Many investor-developers are also exploring the use of delivery sites for last hour logistics, as they can also play a key role in the swift delivery of online goods to consumers. Consumers are increasingly opting for click-and-collect services, with retail parks being seen as a convenient location to purchase goods and collect online orders. But conversion is not easy as projects are often constrained by planning. However, those in the right urban locations with good access to consumers can be feasible.
Elsewhere, investors are seeking to convert spaces for highly popular sectors – such as ‘beds, meds and sheds’. Any asset in that category is high on the shopping list.
Repurposing stock into residential is hailed as a solution to housing shortages, but delivery is not straightforward. Converting offices to residential has been contentious, especially in the UK, where legislation has clamped down to ensure these conversions still deliver a good standard of living. Despite this we have seen a rise in interest for characterful and well-located properties within European gateway cities.

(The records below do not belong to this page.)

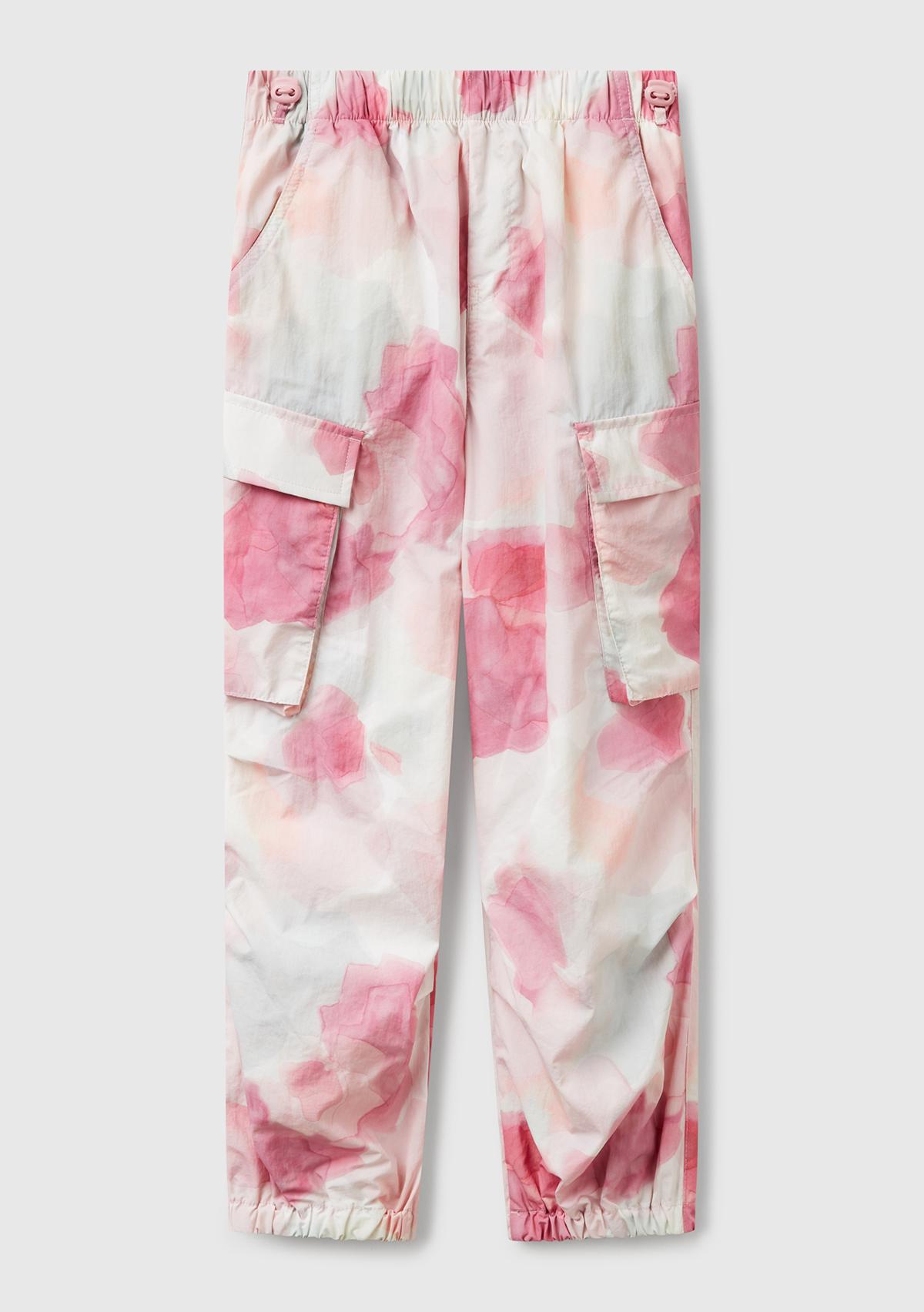 Kız Çocuk Pembe Mix Tamamı Desenli Beli Lastikli Kapak Cepli Paraşüt Pantolon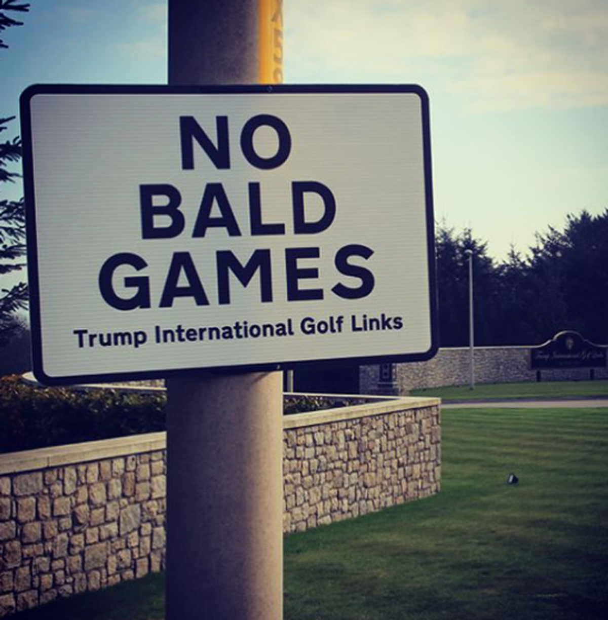 The relation between Dr D.’s work and its particular placement is on occasion more obviously pointed. He was also in the Granite City with Nuart but while I shuffled bits of paper, Dr. D got to work round the town and surrounds of Aberdeen. The city was once infamous for having more ‘No Ball Games’ signs up that anywhere else in the UK. It’s also a near neighbour to Trump’s golf links. Dr. D affixed to road signage directing traffic to the abominably coiffed POTUS’s pitch n putt, a sign work that read, No Bald Games (Figure 2). Right under the noses of Trump employees it probably didn’t last long, but to a degree the act of putting it up at all, commiting principled civil disobedience, is very much a part of Dr. D’s practice.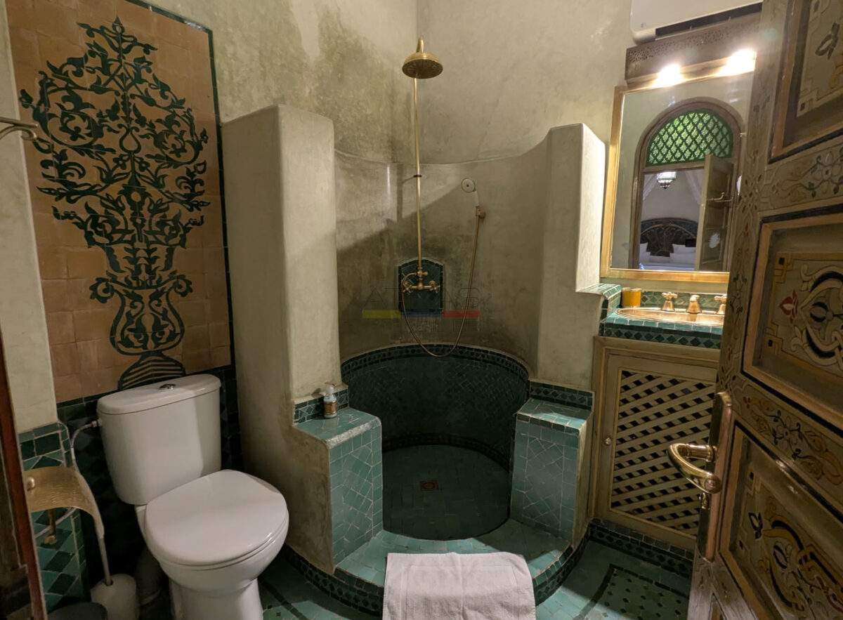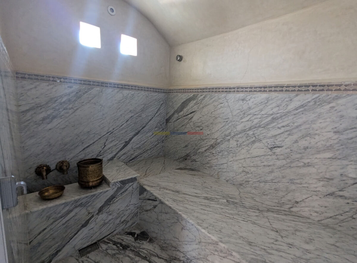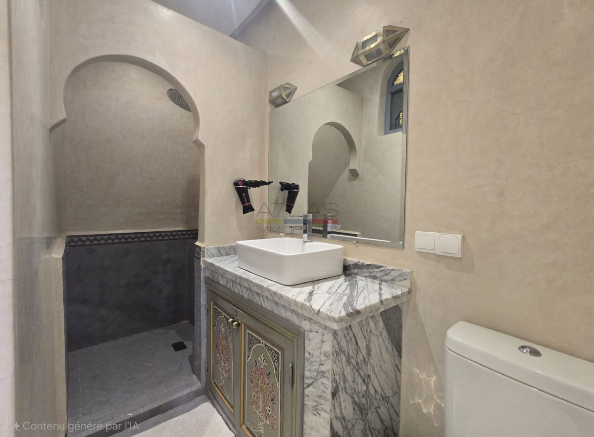 Le second riad, tout aussi raffiné, dispose d’un patio à fontaine murale, d’un salon ouvert et d’une chambre en rez-de-chaussée, complétés à l’étage par trois chambres avec salles d’eau privatives. Sur la terrasse, une buanderie et un hammam beldi complètent cet espace pensé pour le confort et la détente.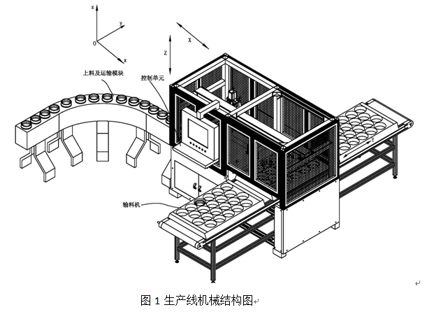 進料機構是一條平頂鏈式輸送機,其尾端有氣缸升降裝置;功能為輸送工件輸送至機械手抓取位置,通過升降裝置控制工件的高度,工件傳輸部分由直線模組、機械手等組成。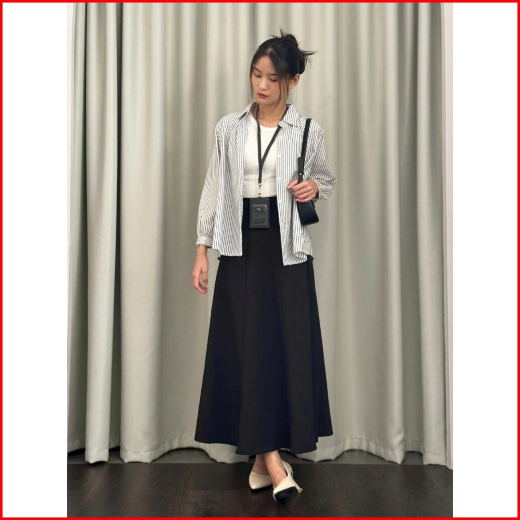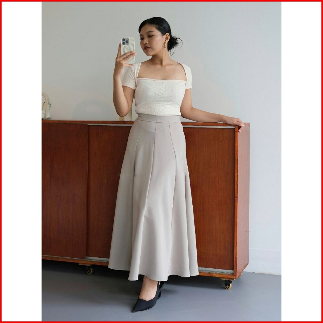 Audy Skirt - Korean Loose Maxi Skirt Rok Wanita Anti Kusut Polyester - Rok Flare Wanita - Rok Basic Polos - Maxi Skirt R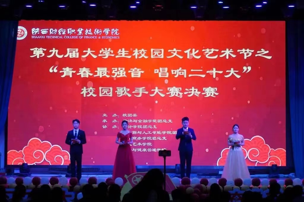 5月17日下午,由共青团陕西财经职业技术学院委员会主办,经济与金融学院团总支承办,各二级学院团总支协办的“学习二十大 永远跟党走 奋进新征程”第九届大学生校园文化艺术节活动之“青春最强音 唱响二十大”校园歌手大赛决赛在学校大礼堂成功举办。党委学生工作处处长乔晶策、学院团委书记张洁、会计学院党总支专职副书记李妙娟、数字商务学院党总支专职副书记王华、经济与金融学院党总支专职副书记张力出席活动。人文艺术学院音乐专业教师、及各二级学院辅导员代表担任此次比赛的评委。活动现场通过经金学院官方抖音账号“SCZY-经金学院的故事”全程直播。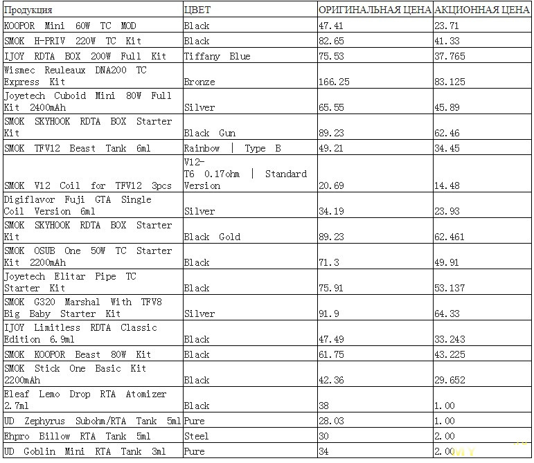 И отдельные скидки на товары из таблицы.
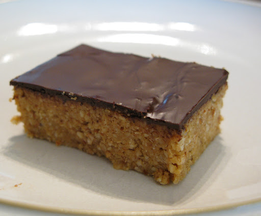 6. Melt chocolate either in microwave on low power on in a double boiler. Drizzle over almond coconut base and spread with a spoon or rubber spatula until evenly coated. Place bars back in refrigerator for approximately 5 minutes, until chocolate is solid but still a little soft (for ease of cutting). Cut into bars and store in a plastic container in the fridge.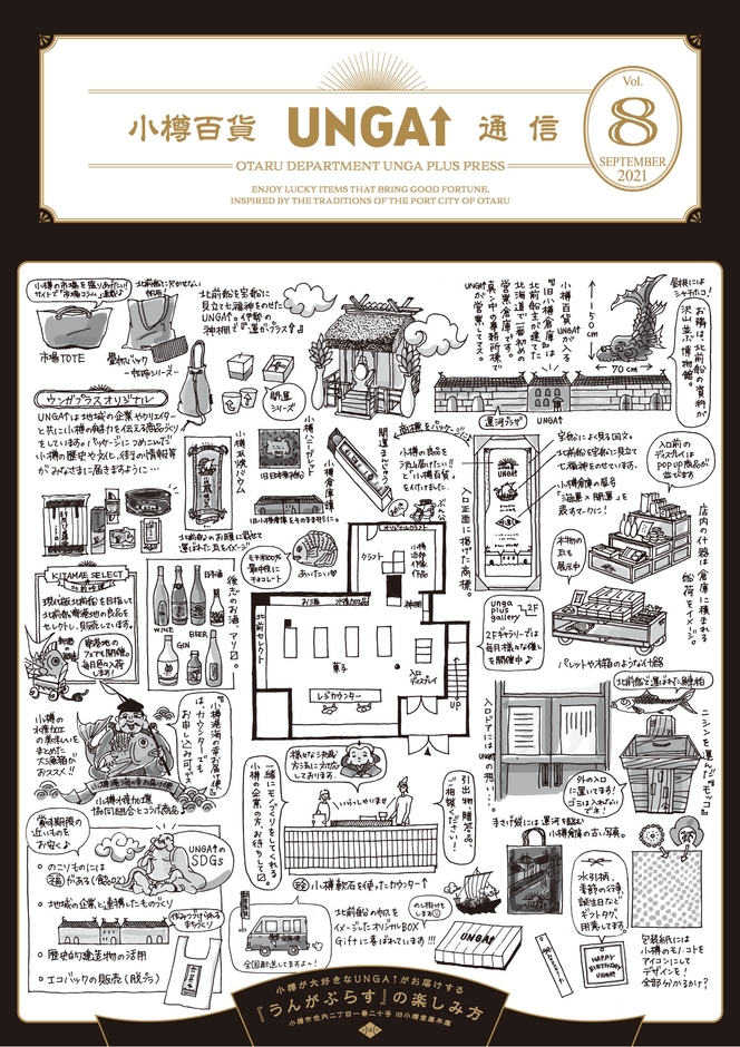 最新号vol.8のオモテ面は、お店のこと、商品のこと、コンセプトのこと、そのほかいろんな想いをギュッとイラストでわかりやすく描いています。より深堀して愉しみながら、小樽の歴史を伝える小樽百貨UNGA↑のお店づくり、商品づくり、イベントのことに興味を持っていただけたら嬉しいです。

Clients are also looking at creating assets for the life science market by converting offices, but again this is highly dependent on location, and both investors and occupiers want properties that are in close proximity to pre-existing clusters. With a concentration of demand in key locations, there is no question that it’s easy to see where the shortages are, and we have seen some investors take on projects. But again, with such specific requirements needed for lab space, it’s often a complex proposition.
We cannot talk about 2021 without mentioning ESG. Everyone needs to understand what it actually means at any stage of an asset’s life cycle, and the implications it has on their portfolio, as well as the value that it can be deliver. Creating sustainable places is, after all, vital for building tomorrow’s world.